Lorsque l’on pénètre dans cette petite chapelle toujours consacrée et utilisée, on aperçoit, au fond, une gracieuse verrière du 19ème siècle présentant Sainte-Marthe en pied, nimbée et auréolée de son phylactère, sur un fond figurant un drap rouge frangé d'or. Parmi les autres ornements, se trouve un tableau à l’histoire particulière : il s’agit d’un Christ en croix anonyme daté du début du 19ème siècle. Ce tableau avait été donné en 1800 par Laetitia Bonaparte à Monseigneur Jean-Baptiste Royer, archevêque de Paris, après la confirmation des sœurs de Napoléon. Après le décès de l'archevêque en 1807, le tableau revint à sa nièce, Jeanne Puvis, puis aux enfants de cette dernière en 1822. C'est l'un de ses fils, Théobald Puvis, économe de l'établissement et auteur du premier inventaire des archives, qui donna le tableau à l'hôpital en 1866.
Petite parenthèse pour évoquer ce personnage qu’était Jean-Baptiste Royer… Né le 7 octobre 1733 à Cuiseaux d’un père médecin, il effectua ses études dans son village natal puis au collège des Joséphistes à Louhans. Entré dans les ordres, il devint curé de Chavannes-sur-Suran (01). Élu député suppléant du clergé aux États généraux, il fut admis à siéger le 1er mars 1790 à l'Assemblée constituante. Il prêta serment à la Constitution civile du clergé et fut élu évêque de l'Ain en février 1791. Élu député de l'Ain à la Convention nationale, il siégea parmi les modérés. Fin 1794, il constitua le groupe des « Évêques réunis à Paris » qui se donna pour mission de régénérer l’Église de France gravement affaiblie par la campagne de déchristianisation et les démissions d’évêques et de prêtres. Élu par ses collègues au Conseil des Cinq-Cents, il y siégea jusqu'au 20 mai 1798, devint évêque constitutionnel de Paris, et fut installé à Notre-Dame de Paris le 25 août 1798. Compromis dans le discrédit de l'Église constitutionnelle, il démissionna en 1801 et se retira à Cuiseaux puis à Besançon où il devint chanoine. Royer adressa au pape la rétractation de ses serments révolutionnaires, et se voua, dans les dernières années de sa vie, au service des malades.
Autre curiosité : l’apothicairerie de l’hôpital, aménagée entre la seconde moitié du 18ème siècle et la première moitié du 19ème siècle.
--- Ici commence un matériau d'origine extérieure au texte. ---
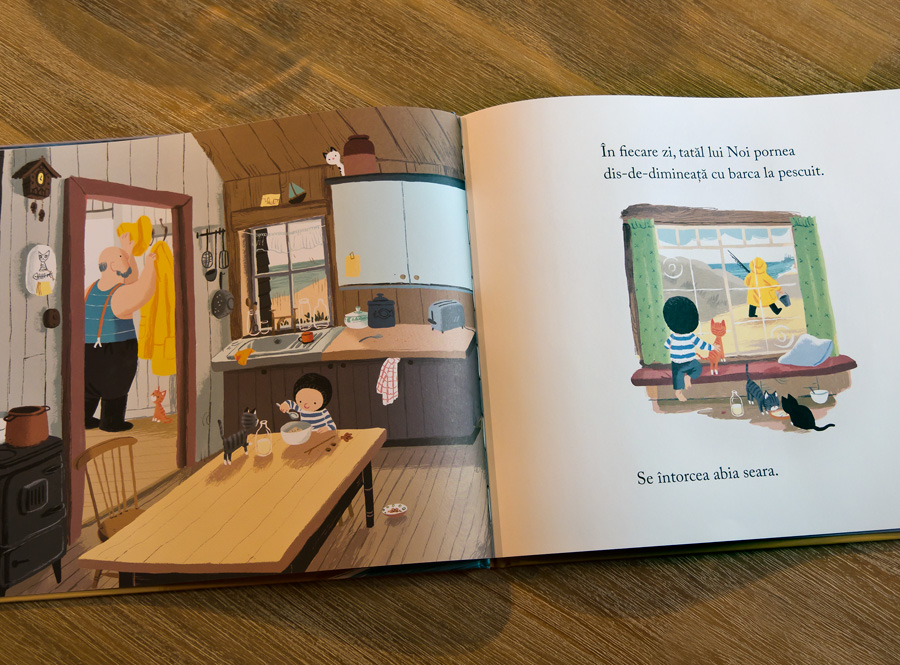 Universul lui Noi se rezumă la nisipul plajei, apa sărată a mării și nuanțele verzi-albăstrui care conturează peisajul, câteva creaturi marine, cele șase pisici ale sale de culori diferite și tatăl său înalt și solid, cu barbă gri, îmbrăcat cu o pelerină de ploaie galbenă. Pe lângă toate aceste detalii, Davies folosește o mulțime de elemente vizuale, însă păstrează cât mai minimalist trăsăturile faciale ale personajelor sale – două puncte pentru ochi și cele mai simple linii pentru nas și gură – oferind în schimb multe detalii despre îmbrăcăminte, gesturi și limbajul corpului.
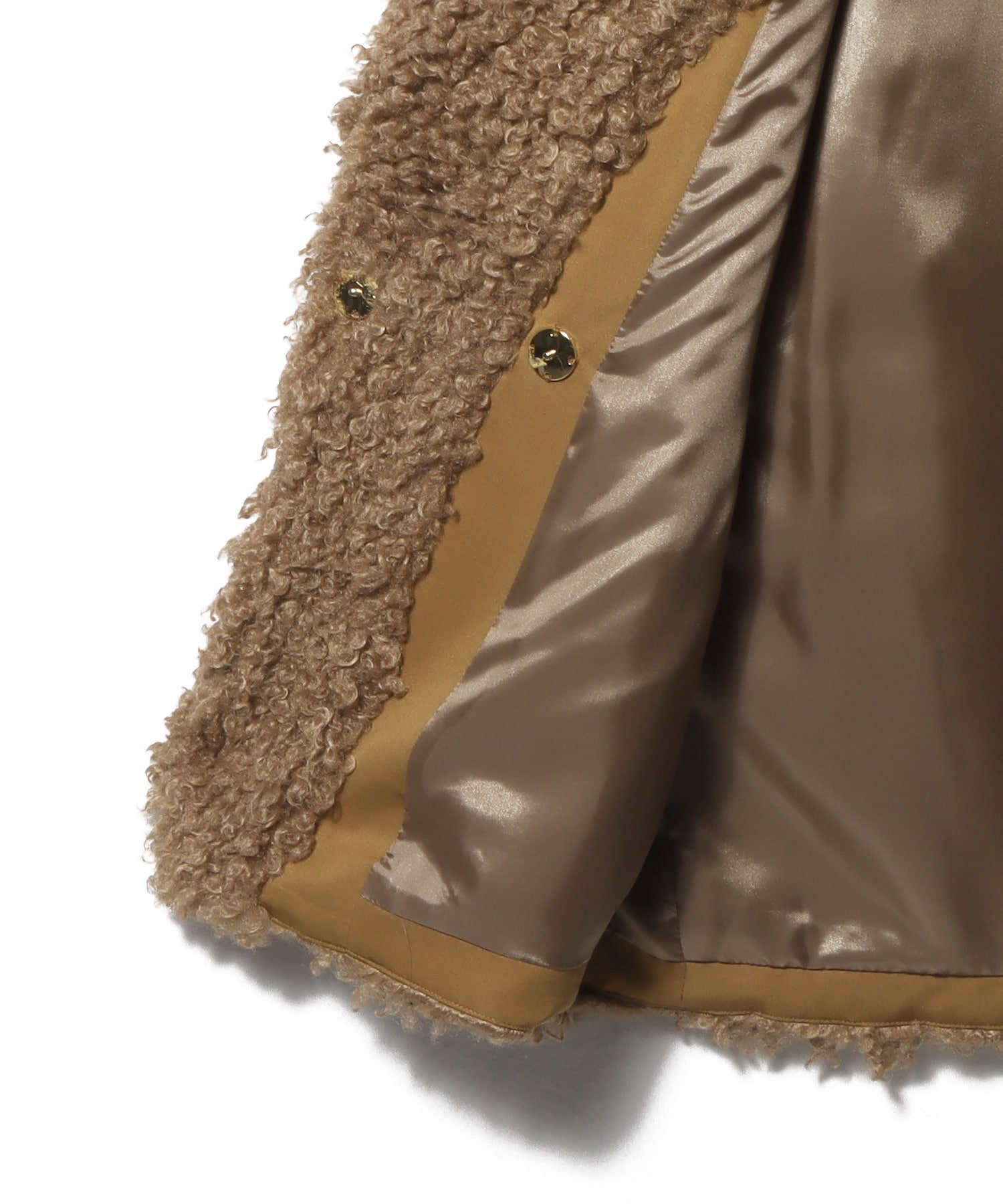 フワフワとしたカーリーラムファーを思わせるフェイクファーを使用。ギリシャのメーカー Doumas Bros S.A. IFANSI(ドゥーマスブラザーズ イファンシ) のインポート素材で仕立てた、襟裏まで贅沢にファーをあしらったラグジュアリーな1着です。
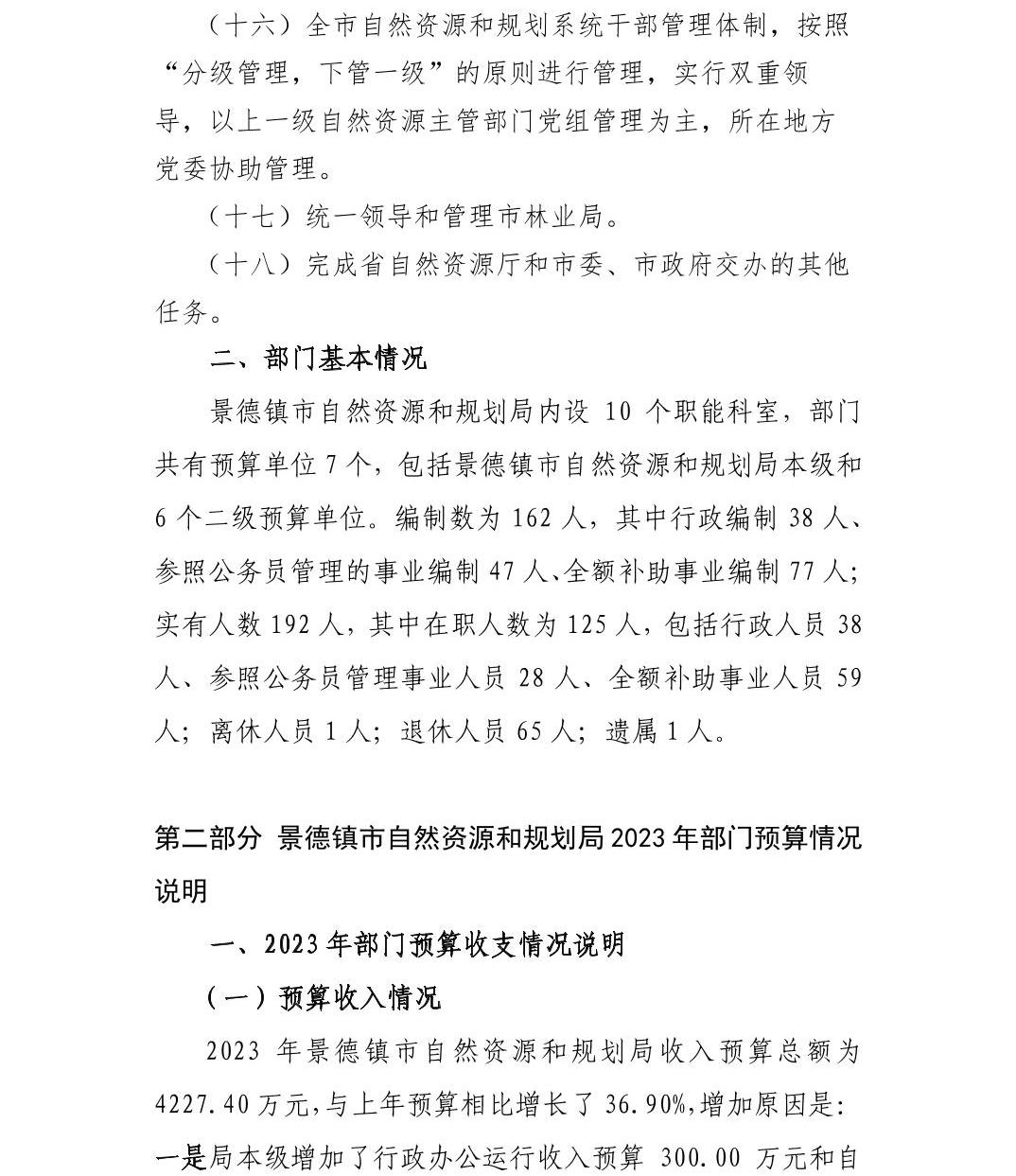 景德镇市自然资源储备利用中心2023年部门预算编制说明
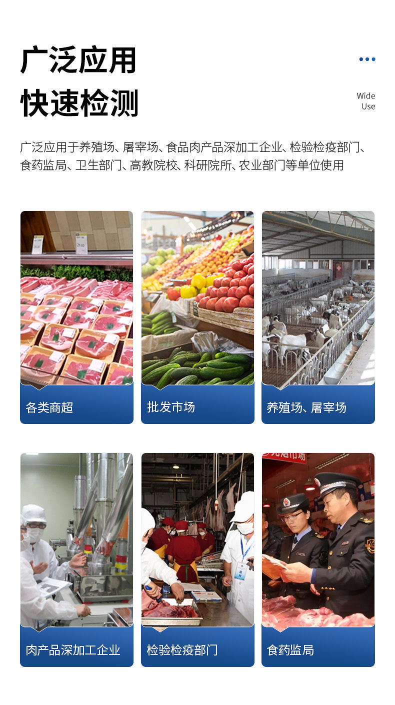 該肉制品檢測(cè)儀為集成化肉品安全快速檢測(cè)分析設(shè)備,廣泛應(yīng)用于養(yǎng)殖場(chǎng)、屠宰場(chǎng)、食品肉產(chǎn)品深加工企業(yè)、檢驗(yàn)檢疫部門、食藥監(jiān)局、衛(wèi)生部門、高教院校、科研院所、農(nóng)業(yè)部門等單位使用。
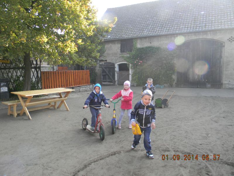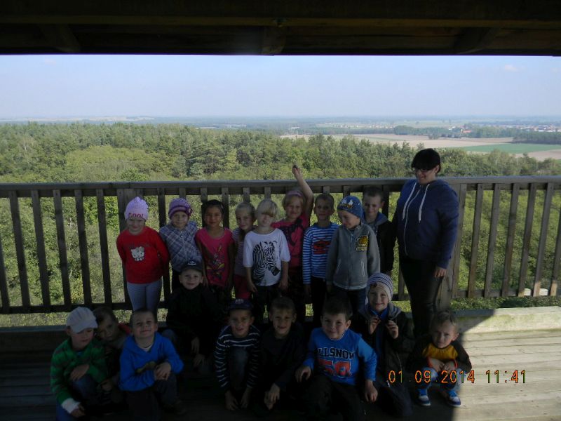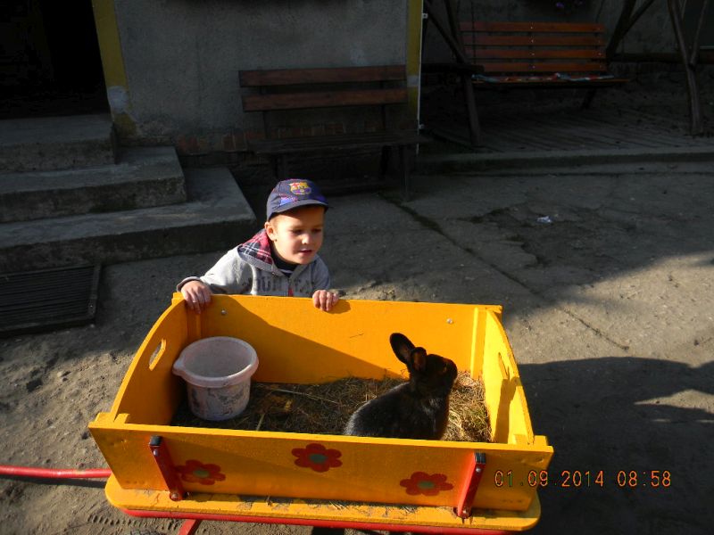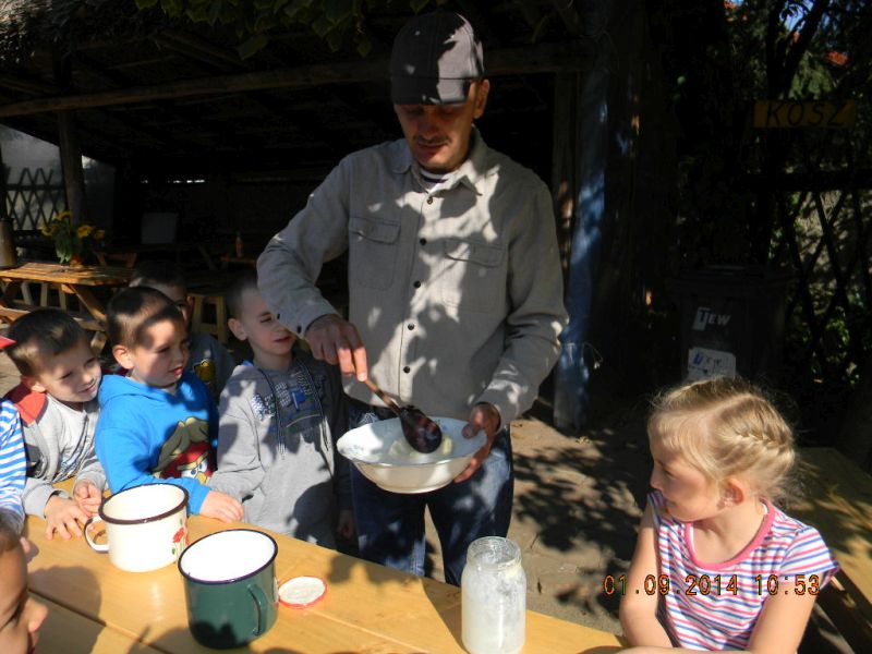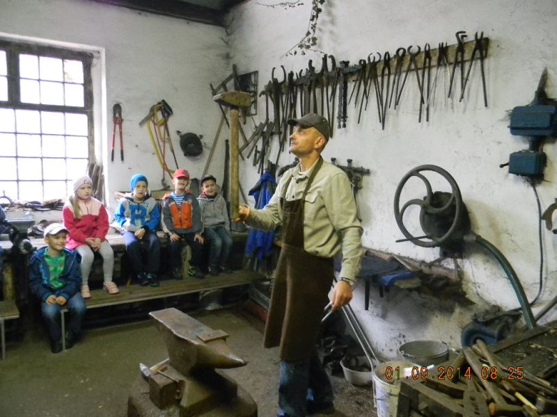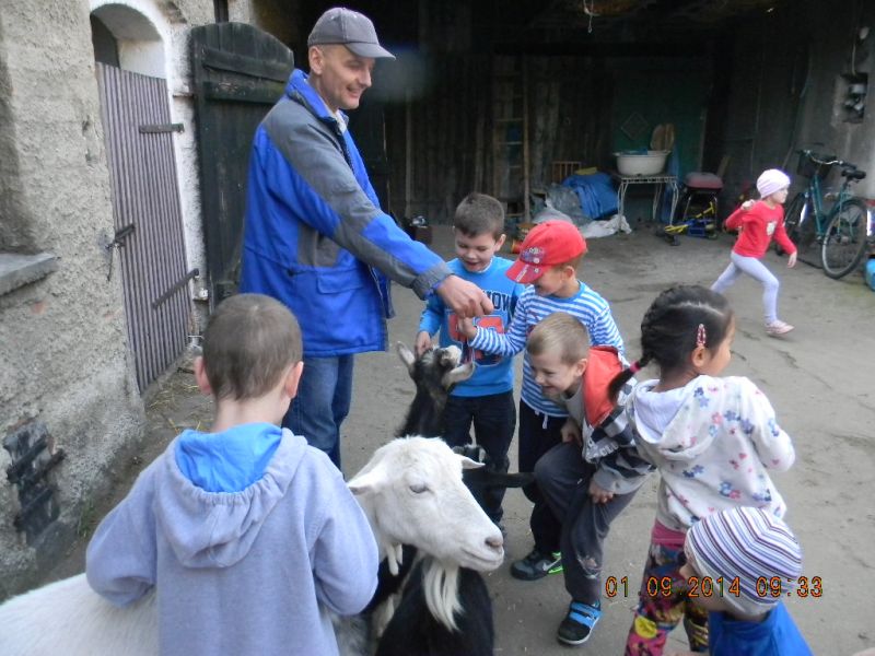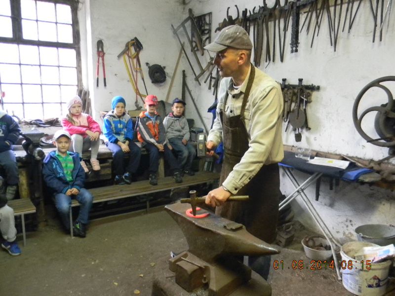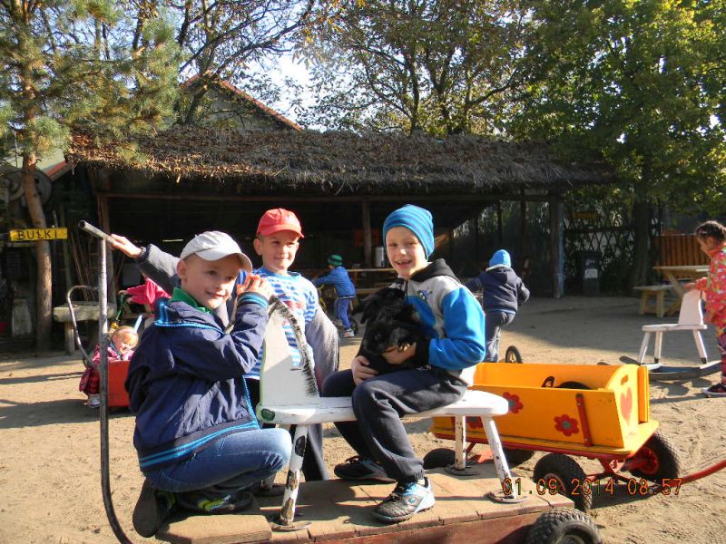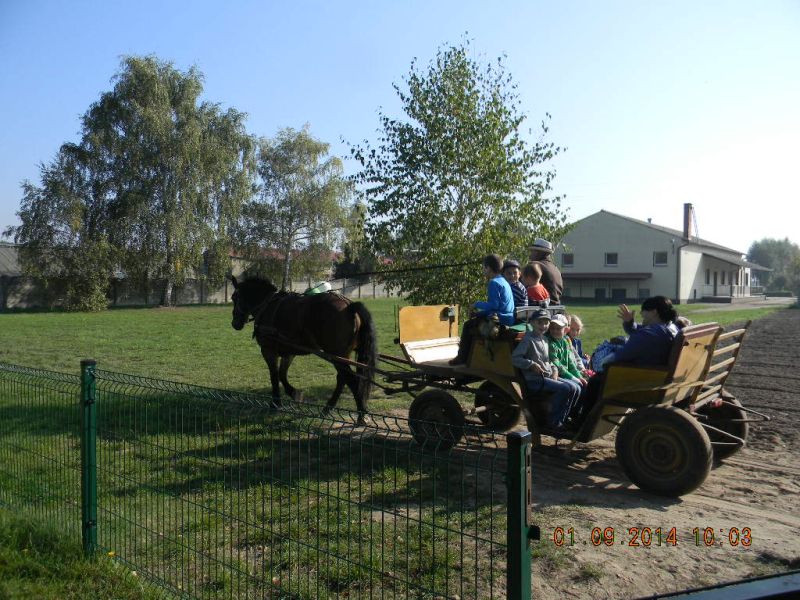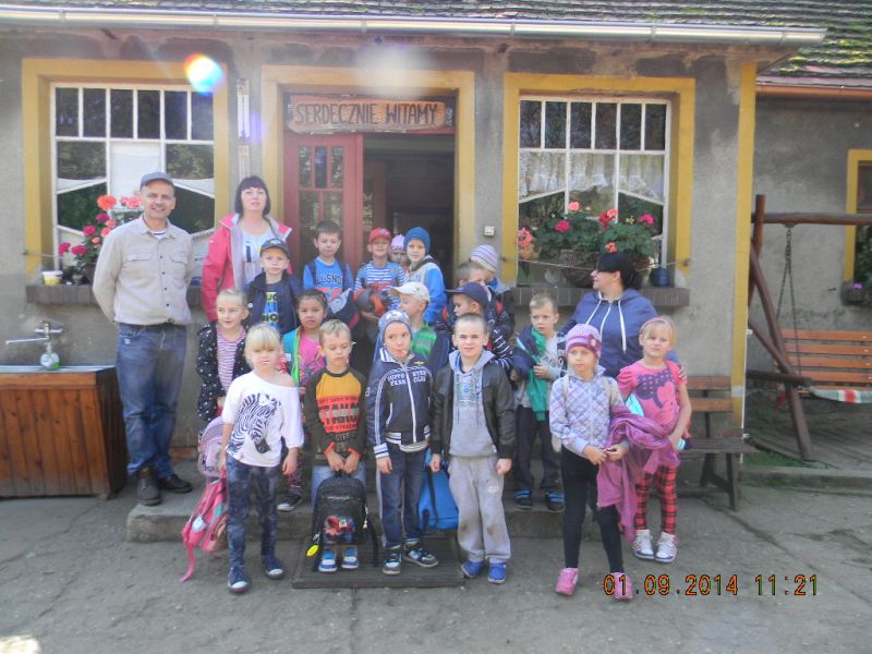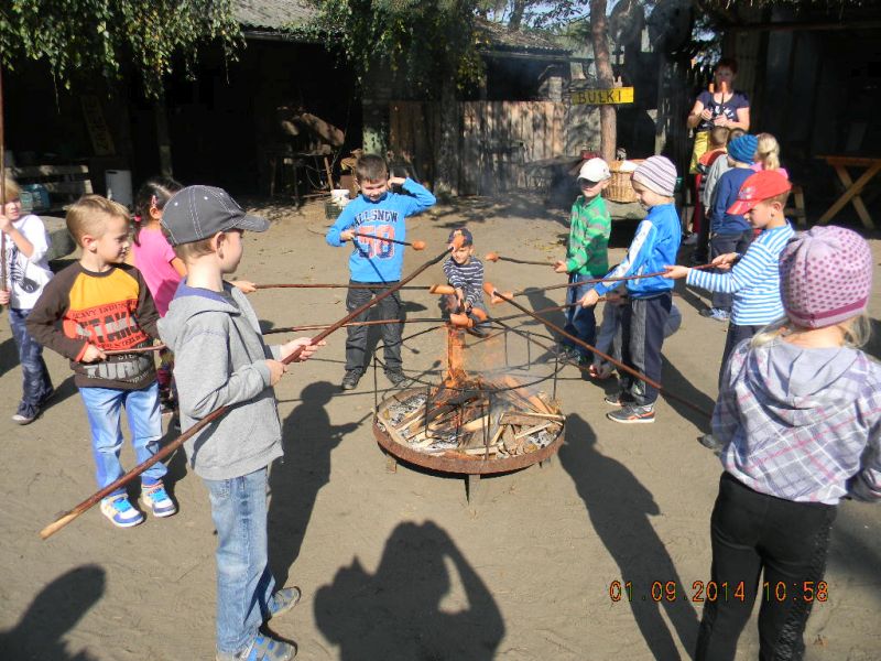 W piątek 3.10.2014r. uczniowie klasy 1c pojechali ze swoją wychowawczynią – Gabrielą Ślusarczyk i opiekunem - panią Agnieszką Skorupińską do gospodarstwa agroturystycznego „ Stara chata u kowola” , które znajduje się w Kluczewie. Wyjazd miał przede wszystkim charakter integracyjny. Dzieci mogły w ten sposób lepiej się poznać oraz nawiązać więzi koleżeńskie podczas swobodnych zabaw. Celem wycieczki była też realizacja programu adaptacyjnego dla uczniów rozpoczynających naukę w szkole. Uczniowie mogli poza salą lekcyjną poznawać najbliższe otoczenie. Lekcje w terenie są jedną z najlepszych form nauki dla uczniów w młodszym wieku szkolnym. Od samego początku wycieczki wszystkim dopisywał humor, a uśmiech z twarzy dzieci nie znikał prawie wcale. W dużej mierze przyczyniła się do tego postać wujka Krzysia- gospodarza domu, który w zabawny sposób przedstawiał gwarą wielkopolską walory swojego gospodarstwa. Pokazał nam kuźnię, a w niej proces powstawania podkowy, żelazko z duszą, dał koncert młotkami na kowadle oraz zademonstrował mistrzowskie uniesienie olbrzymiego młotka na jednym palcu. Zapoznawał uczniów z etapami powstawania wełnianego sweterka i rękawiczek. Opowiadał o swoich zabawach i zabawkach z dzieciństwa. Później na wiejskim podwórku dzieci mogły bawić się tymi zabawkami w otoczeniu królików, kotów, kóz, owiec. Widziały dojenie krowy i kozy. Obserwowały proces powstawania masła. Jeździły powózką z końmi wokół leśnych zagajników. Bawiły się na pięknym placu zabaw w Kluczewie. Zbierały na polu pyry. Podczas takich intensywnych zajęć nie mogło zabraknąć jedzenia i picia. Rolę gospodyni domu pełniła ciocia Anetka, która częstowała nas pysznymi rogalikami, zorganizowała pieczenie kiełbasek, gotowała herbatę. Tym wszystkim wesołym przeżyciom towarzyszyła piękna jesienna pogoda. W drodze do szkoły zatrzymaliśmy się w okolicy Siekowa, żeby wejść na znajdującą się tam wieżę widokową skąd mogliśmy podziwiać piękne widoki naszej okolicy. Po takich ekscytujących przeżyciach wróciliśmy do szkoły. Byliśmy bardzo zmęczeni, ale bogatsi o nowe doświadczenia.
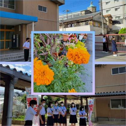校門に爽やかな風とマリゴールドの香りが漂っています。
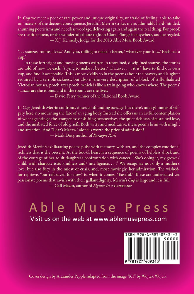 In Cup we meet a poet of rare power and unique originality, unafraid of feeling, able to take on matters of the deepest consequence. Jeredith Merrin strikes me as admirably hard-minded, shunning poeticisms and needless wordage, delivering again and again the real thing. For proof, see the title poem, or the wonderful tribute to John Clare. Plunge in anywhere, and be regaled.
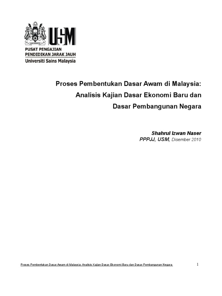 52738255 Proses Pembentukan Dasar Awam Di Malaysia Analisis Kajian Dasar Ekonomi Baru Dan Dasar Pembangunan Negara

Dans une pièce toute agrémentée de boiseries sont disposés pilulier, mortiers et pilons, chevrettes, pots divers, fauteuils de malade, brancard et autres instruments nécessaires aux soins octroyés autrefois aux résidents de l’hôpital de Cuiseaux.

La chapelle de l’hôpital où veille Sainte-Marthe.

        

L’apothicairerie de l’hôpital avec ses boiseries et pots à pharmacie.